In the final two chapters, Galvan turns her own attention from the freedoms of the occult medium to the conservatism of fictional accounts of typists and the unconvincing communications of men. In Conan Doyle’s detective fiction she recognises a conservative ideology of womanhood in the figure of the intellectually limited typist whose inattention leads to her victimhood. The analysis provided of both ‘A Case of Identity’ and ‘A Scandal in Bohemia’ are sharp and original, and yet somehow perfectly obvious in the contexts which Galvan has created. This has to be seen as a mark of really superior scholarship. A little less convincing, perhaps because of the excellence of the work directly preceding it, the final chapter dealing with George Eliot’s The Lifted Veil is not altogether persuasive. Galvan makes an effort to read the story as an example of spiritualist communication rather than mesmeric (which always seems a stretch) and considers Latimer as an unreliable narrator who misrepresents his reading of other minds.
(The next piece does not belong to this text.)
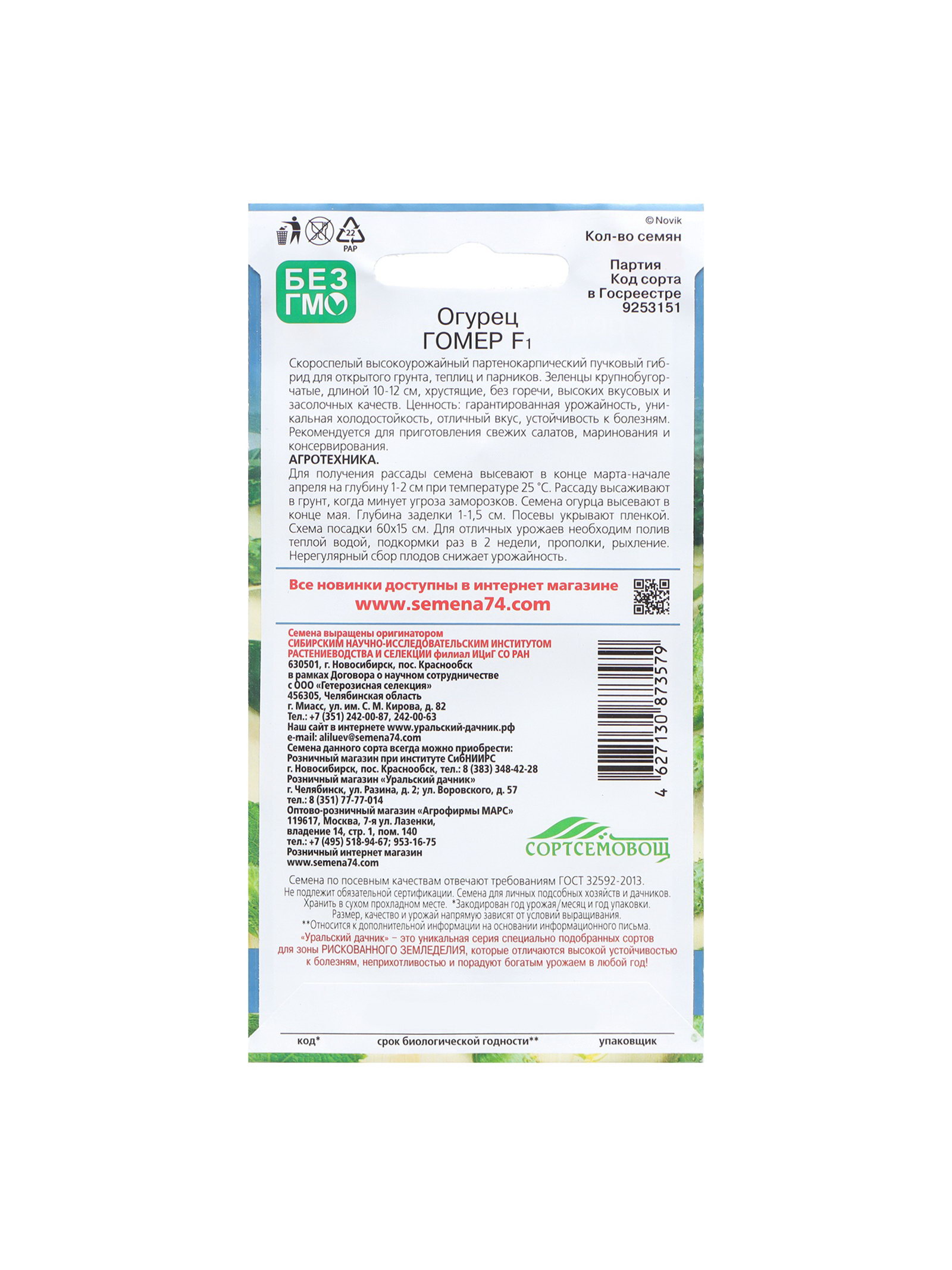 Семена Огурец "Гомер - корнишон", 10 шт, Уральский Дачник, Россия

To see Latimer as unreliable and his narrative as personally misrepresentative does not seem entirely new, and nor does the turn to male mediums quite work as well as the focus on women.

What does work is Galvan’s short epilogue, which connects her work to contemporary representations of women in networks of communication. From Star Trek to Medium, there is great fun to be had here, yet a serious purpose emerges in reminding us how important it is to understand the Victorians if we are to understand the present. By contrast, Smajić’s own short epilogue, his coda, apologises for paying attention to the single sense of vision rather than the sensorium in the round. This highlights the incredible ambition of his work, and the extraordinarily acute focus of Galvan’s. Interestingly, while Smajić’s subject matter has the greater potential, it is to some extent unrealised in its grander narratives of what vision might mean in the nineteenth century. By contrast, Galvan’s field looks niche and particular, but by the time we reach the end of her epilogue we have been persuaded of its broader significance and historical importance.